___ Records to use ___
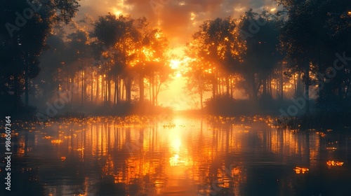 The golden hour casts a magical glow over a still lake, reflecting the sun's rays through the misty forest.
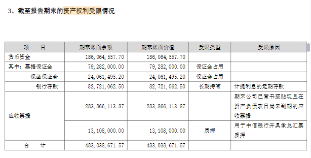 另外,年报显示,截至2023年末,华菱线缆有高达4.83亿元的资产权利受限。其中,受限的货币资金额为1.86亿元、因期末公司已背书或贴现且尚未到期的应收票据额为2.84亿元和用于中信银行开具承兑汇票质押的应收票据1310.80万元。
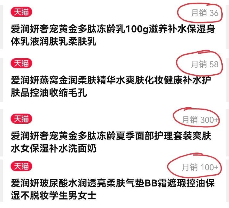 如今, 在某电商平台上的“爱润妍旗舰店”里,我们可以看到爱润妍多款产品销量十分惨淡,多的月销几百,少的月销只有几十。爱润妍在网络上的曝光量也越来越少,年轻一代的消费者更是对这个品牌闻所未闻。
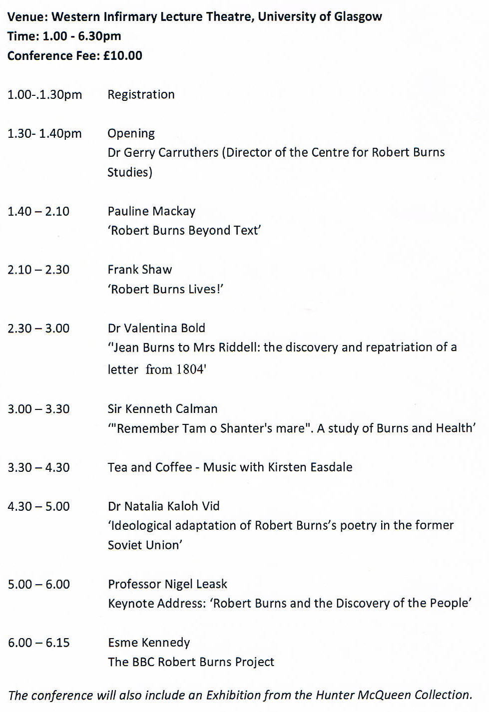 held a one-day conference entitled ‘Burns and Beyond’, a diverse and
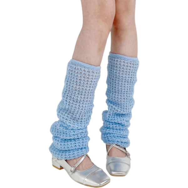 Женщины Японский Эстетика Hollowout Вафли Вязать Leg Warmers Длинные Ноги Крышки Сетка Чулки Slouchy Носки Streetwear
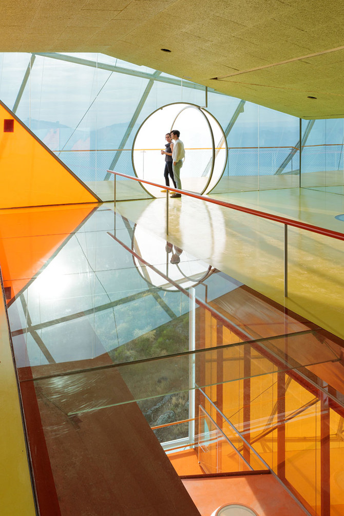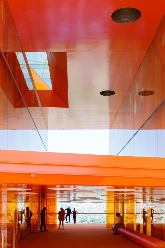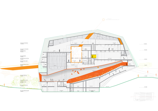 Dime si su aspecto final desencadena en ti el mismo recordatorio que el de G. Sand para Flaubert: “No definas la forma, no te molestes”. La forma del nuestro se debe a la sección del edificio; debido, como hemos dicho, a la idea de apoyar la parte más pequeña posible en el suelo, que corresponde a la zona del escenario y a las gradas de la sala principal. La sección de esta sala es la que sigue definiendo y completando la forma, al superponer el resto del escrito sobre ella: el vestíbulo de entrada, la sala secundaria para 300 personas, que puede dividirse en tres para 100 espectadores cada una, las salas de exposiciones y la zona de restauración. La entrada se encuentra en el nivel de la calle urbanizada, a más de 17 m por encima de la parte más baja del edificio, mediante una pasarela naranja que llega a un cañón vertical de 12 m de profundidad del mismo color, donde se acentúan las vistas del campo, las estribaciones de la sierra de Gata. Desde aquí es posible desplazarse por todo el casco central de hormigón, subir o bajar por un conjunto de rampas y escaleras de caracol que mezclan los espacios exteriores e interiores. Esto obedece a dos razones: la economía y el gasto. Economía por no climatizar ni utilizar cristales para encerrar ciertas partes. Gasto por el cruce de espacios –de dentro a fuera– a causa de la mezcla de sus climas.
___
Retype the records above word for word, from their first line through the line containing "Женщины Японский Эстетика", and leave out every picture.

 The golden hour casts a magical glow over a still lake, reflecting the sun's rays through the misty forest.
 另外,年报显示,截至2023年末,华菱线缆有高达4.83亿元的资产权利受限。其中,受限的货币资金额为1.86亿元、因期末公司已背书或贴现且尚未到期的应收票据额为2.84亿元和用于中信银行开具承兑汇票质押的应收票据1310.80万元。
 如今, 在某电商平台上的“爱润妍旗舰店”里,我们可以看到爱润妍多款产品销量十分惨淡,多的月销几百,少的月销只有几十。爱润妍在网络上的曝光量也越来越少,年轻一代的消费者更是对这个品牌闻所未闻。
 held a one-day conference entitled ‘Burns and Beyond’, a diverse and
 Женщины Японский Эстетика Hollowout Вафли Вязать Leg Warmers Длинные Ноги Крышки Сетка Чулки Slouchy Носки Streetwear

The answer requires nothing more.